--- START ---
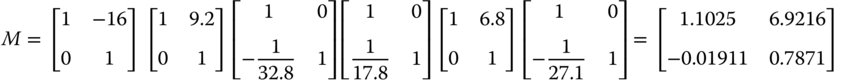 The distance between the first and second lenses is 6.8 mm and between the second and third lenses is 9.2 mm. By convention, we retrace dummy rays −16 mm back to the origin at the first lens, so that all matrix ray tracing formulae are referred to a common origin. The matrix for the system is given below:
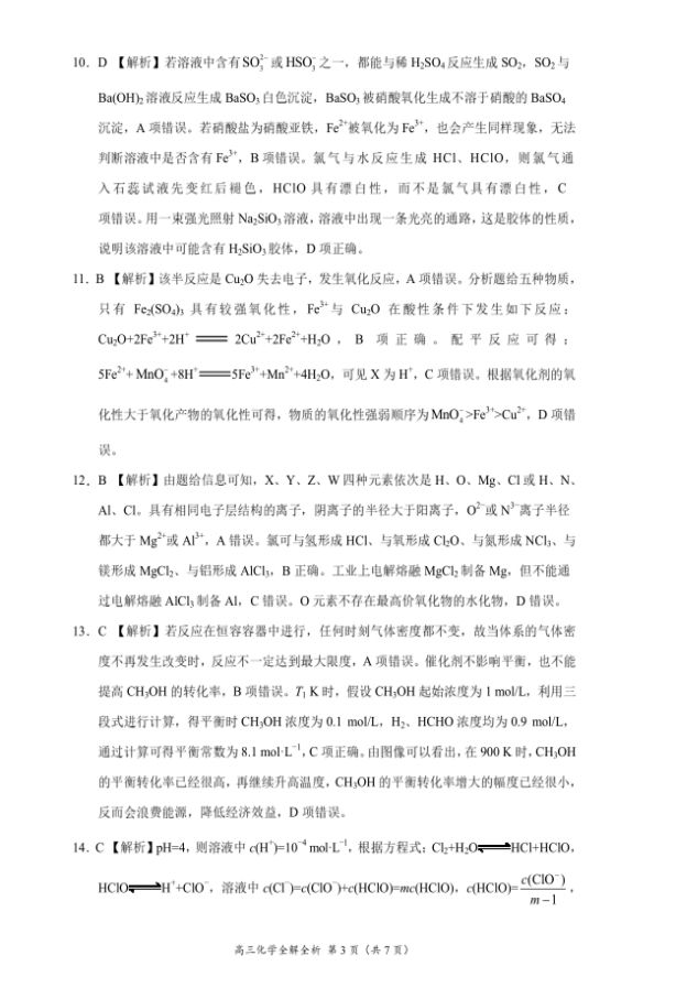 豫南九校2016-2017学年上期期末质量考评高三化学试题及答案(11)
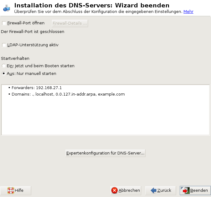 Im letzten Dialogfeld können Sie den DNS-Port in der Firewall öffnen, indem Sie auf klicken. Legen Sie dann fest, ob der DNS-Server gestartet werden soll ( oder ). Außerdem können Sie die LDAP-Unterstützung aktivieren. Weitere Informationen hierzu finden Sie unter Abbildung 23-3.
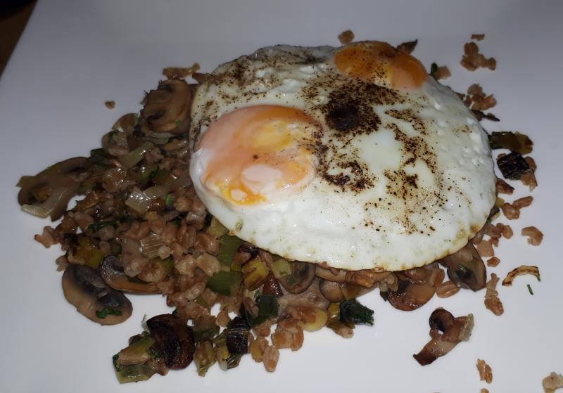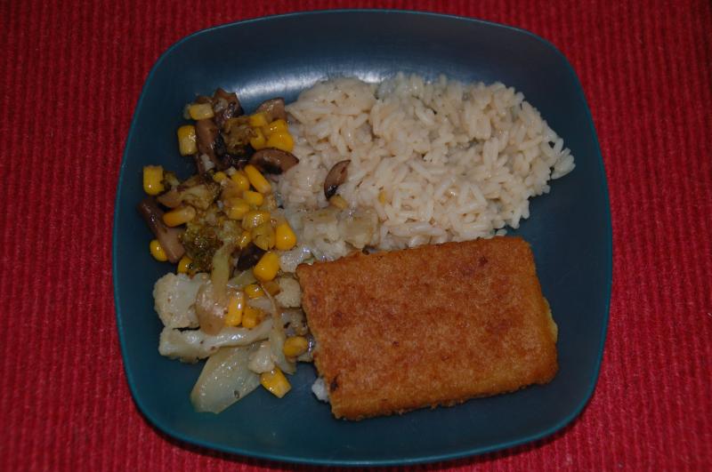 Heute gab es Reis mit Backfisch und Gemüsepfanne aus Broccoli, Blumenkohl, Mais und braunen Champignons.
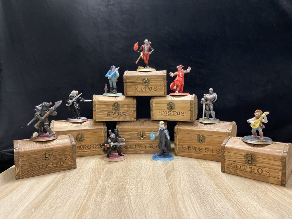 The Band of Idiots operate out of a small (but mighty!) craft room in Columbus, Ohio. Powered by our trusty 3D printers named after characters in our old campaign and the maker space at our local library, we make and design all our products in house.
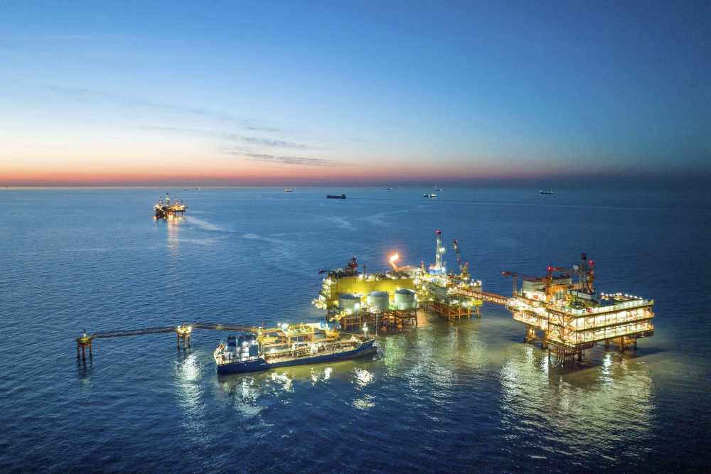 這是2024年1月25日拍攝的埕北油田全景(無人機(jī)照片)。當(dāng)日,位于渤海灣西南部的埕北油田油氣處理與岸電設(shè)備共建平臺——CEPC(中心平臺)正式投產(chǎn),該平臺可使油田接入來自陸地的綠色電力,減少海上“自發(fā)電”帶來的天然氣和原油消耗。新華社發(fā)(杜鵬輝攝)
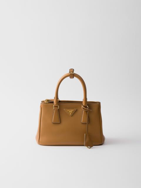 The sophisticated and timeless Prada Galleria bag combines the industrial precision and meticulous craftsmanship inherent in the brand's DNA. Composed of over 80 individual pieces assembled by hand, the style celebrates the historic store opened in 1913 in Galleria Vittorio Emanuele II of Milan. The leather accessory, presented in a refined small version, is completed with the emblematic triangle logo. - Product code: 1BA896_2CYS_F0002_V_YO0 - Leather handles - Adjustable and detachable leather shoulder strap. Maximum length 120 cm - Minimum length 110 cm - Maximum drop 60 cm - Minimum drop 55 cm - Removable leather keyring - External zipper pockets - Metal hardware - Leather triangle with metal lettering logo on the front - Snap closure on the sides - Nappa lining with two pockets, including one with zipper - With leather purse feet - Imported Height: 16.5cm Width: 24.5cm Length: 11cm MATERIALS Main material: Calfskin
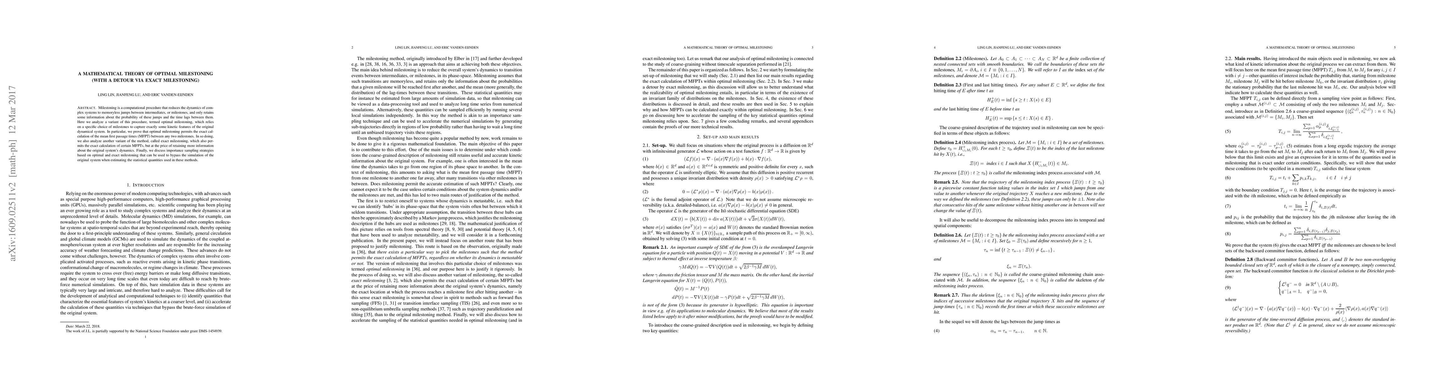 Researchers developed a mathematical theory for optimal milestoning, a method to simplify complex systems, allowing for exact calculation of mean first passage times between milestones. This breakthrough enables efficient estimation of statistical quantities without simulating the original system.
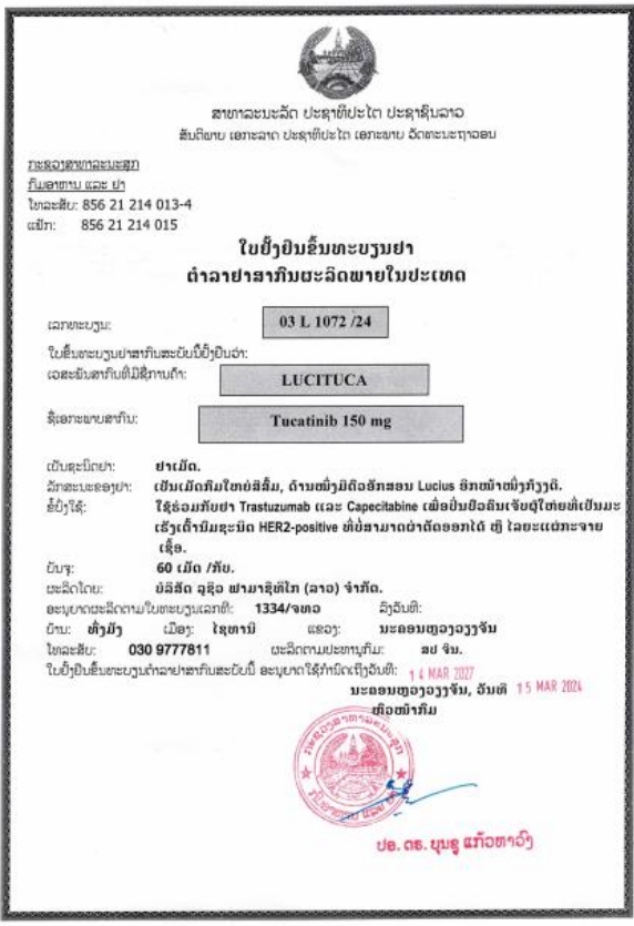 | 产品名称 : | 图卡替尼片 LuciTuca(Tucatinib Tablets) 妥卡替尼 TUKYSA 150mg*60片 |
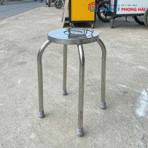Mô tả: Ghế inox tròn nhỏ gọn, dễ di chuyển, phù hợp sử dụng trong nhiều không gian như quán ăn, nhà bếp, trường học. Mặt ghế tròn sáng bóng, chắc chắn, chịu lực tốt. Chân ghế cong nhẹ, tạo sự vững chãi, có đế cao su giúp chống trơn trượt, bảo vệ sàn nhà. Chất liệu inox bền bỉ, chống gỉ sét, dễ vệ sinh, sử dụng lâu dài mà không lo hỏng hóc. Kiểu dáng đơn giản, tiện lợi, dễ xếp gọn khi không dùng đến.
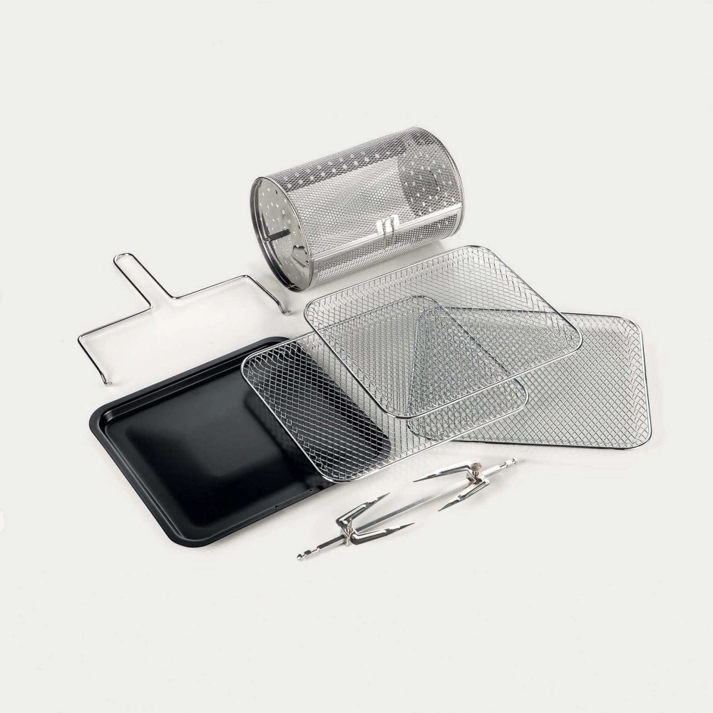 - Accessories: 3 grills, roasting pan, rotisserie, rotating basket, handle for skewer removal and basket.
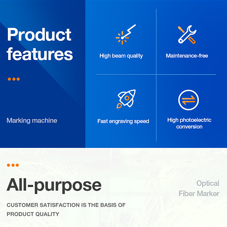 3. Modular design, separate laser generator and lifter, more flexible, can mark on bigger area and complicated surface. Air-cooled inside, small occupation, easy to install.
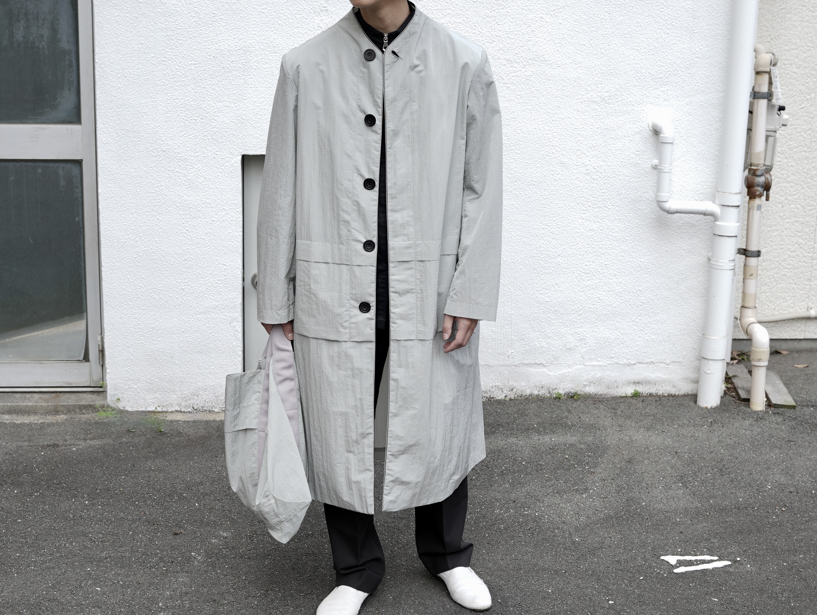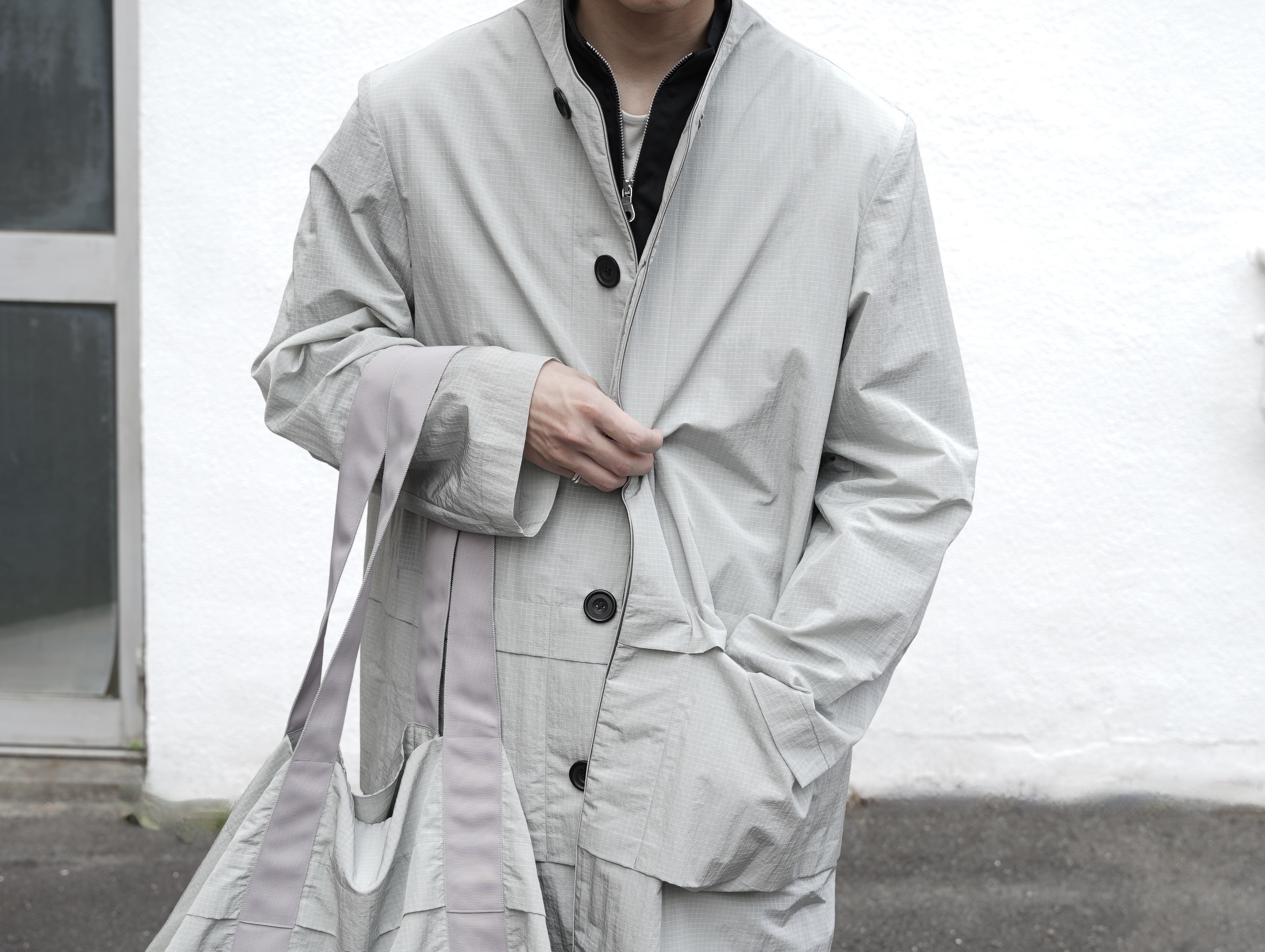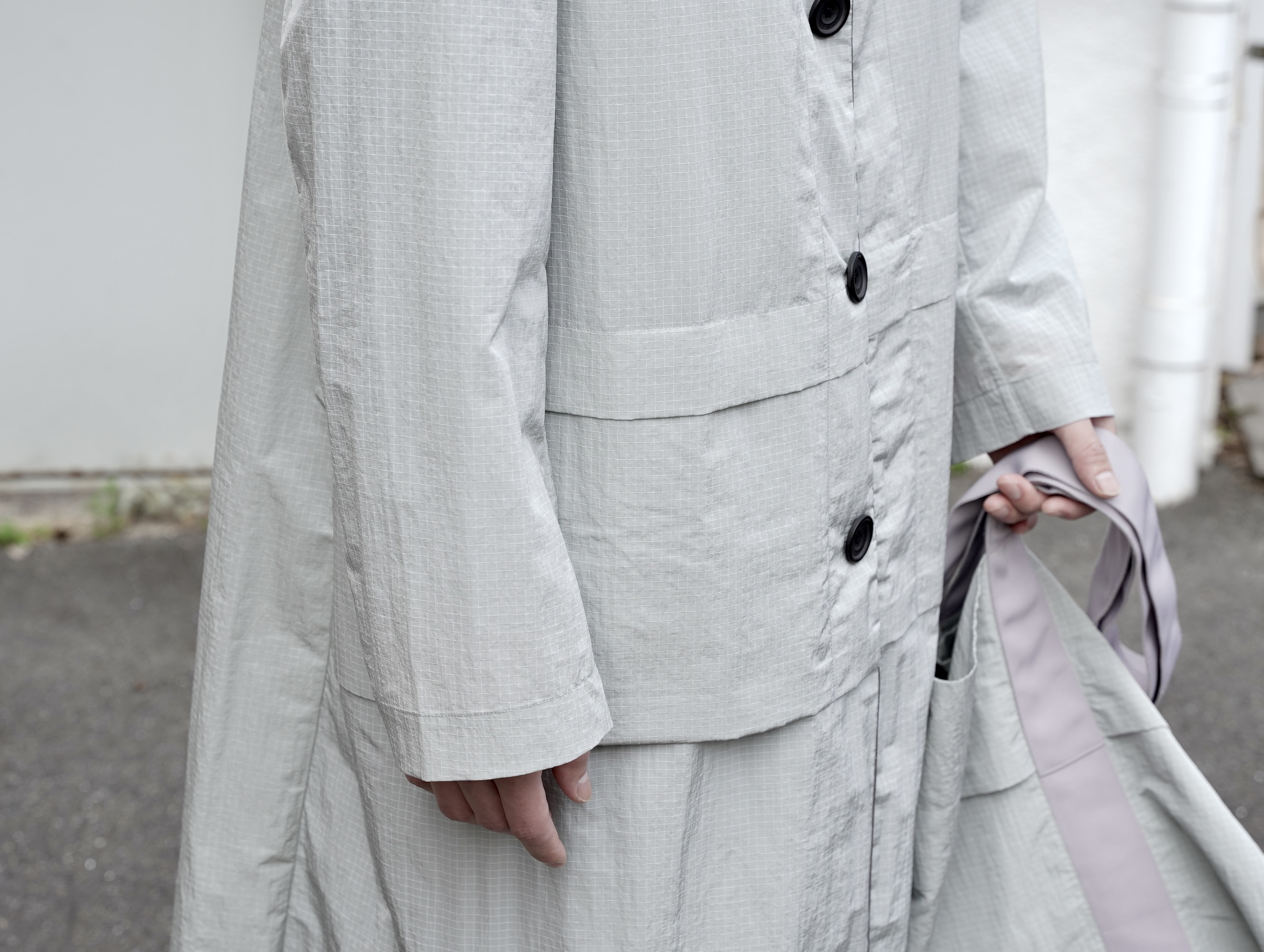 モノフィラメントナイロンリップストップを用いた、非常に軽やかなロングコート。
--- END ---
## What you will do
Each record above goes into the copy word for word; the pictures do not.

## Exercise response
 The distance between the first and second lenses is 6.8 mm and between the second and third lenses is 9.2 mm. By convention, we retrace dummy rays −16 mm back to the origin at the first lens, so that all matrix ray tracing formulae are referred to a common origin. The matrix for the system is given below:
 豫南九校2016-2017学年上期期末质量考评高三化学试题及答案(11)
 Im letzten Dialogfeld können Sie den DNS-Port in der Firewall öffnen, indem Sie auf klicken. Legen Sie dann fest, ob der DNS-Server gestartet werden soll ( oder ). Außerdem können Sie die LDAP-Unterstützung aktivieren. Weitere Informationen hierzu finden Sie unter Abbildung 23-3.
 Heute gab es Reis mit Backfisch und Gemüsepfanne aus Broccoli, Blumenkohl, Mais und braunen Champignons.
 The Band of Idiots operate out of a small (but mighty!) craft room in Columbus, Ohio. Powered by our trusty 3D printers named after characters in our old campaign and the maker space at our local library, we make and design all our products in house.
 這是2024年1月25日拍攝的埕北油田全景(無人機(jī)照片)。當(dāng)日,位于渤海灣西南部的埕北油田油氣處理與岸電設(shè)備共建平臺——CEPC(中心平臺)正式投產(chǎn),該平臺可使油田接入來自陸地的綠色電力,減少海上“自發(fā)電”帶來的天然氣和原油消耗。新華社發(fā)(杜鵬輝攝)
 The sophisticated and timeless Prada Galleria bag combines the industrial precision and meticulous craftsmanship inherent in the brand's DNA. Composed of over 80 individual pieces assembled by hand, the style celebrates the historic store opened in 1913 in Galleria Vittorio Emanuele II of Milan. The leather accessory, presented in a refined small version, is completed with the emblematic triangle logo. - Product code: 1BA896_2CYS_F0002_V_YO0 - Leather handles - Adjustable and detachable leather shoulder strap. Maximum length 120 cm - Minimum length 110 cm - Maximum drop 60 cm - Minimum drop 55 cm - Removable leather keyring - External zipper pockets - Metal hardware - Leather triangle with metal lettering logo on the front - Snap closure on the sides - Nappa lining with two pockets, including one with zipper - With leather purse feet - Imported Height: 16.5cm Width: 24.5cm Length: 11cm MATERIALS Main material: Calfskin
 Researchers developed a mathematical theory for optimal milestoning, a method to simplify complex systems, allowing for exact calculation of mean first passage times between milestones. This breakthrough enables efficient estimation of statistical quantities without simulating the original system.
 | 产品名称 : | 图卡替尼片 LuciTuca(Tucatinib Tablets) 妥卡替尼 TUKYSA 150mg*60片 |
Mô tả: Ghế inox tròn nhỏ gọn, dễ di chuyển, phù hợp sử dụng trong nhiều không gian như quán ăn, nhà bếp, trường học. Mặt ghế tròn sáng bóng, chắc chắn, chịu lực tốt. Chân ghế cong nhẹ, tạo sự vững chãi, có đế cao su giúp chống trơn trượt, bảo vệ sàn nhà. Chất liệu inox bền bỉ, chống gỉ sét, dễ vệ sinh, sử dụng lâu dài mà không lo hỏng hóc. Kiểu dáng đơn giản, tiện lợi, dễ xếp gọn khi không dùng đến.
 - Accessories: 3 grills, roasting pan, rotisserie, rotating basket, handle for skewer removal and basket.
 3. Modular design, separate laser generator and lifter, more flexible, can mark on bigger area and complicated surface. Air-cooled inside, small occupation, easy to install.
 モノフィラメントナイロンリップストップを用いた、非常に軽やかなロングコート。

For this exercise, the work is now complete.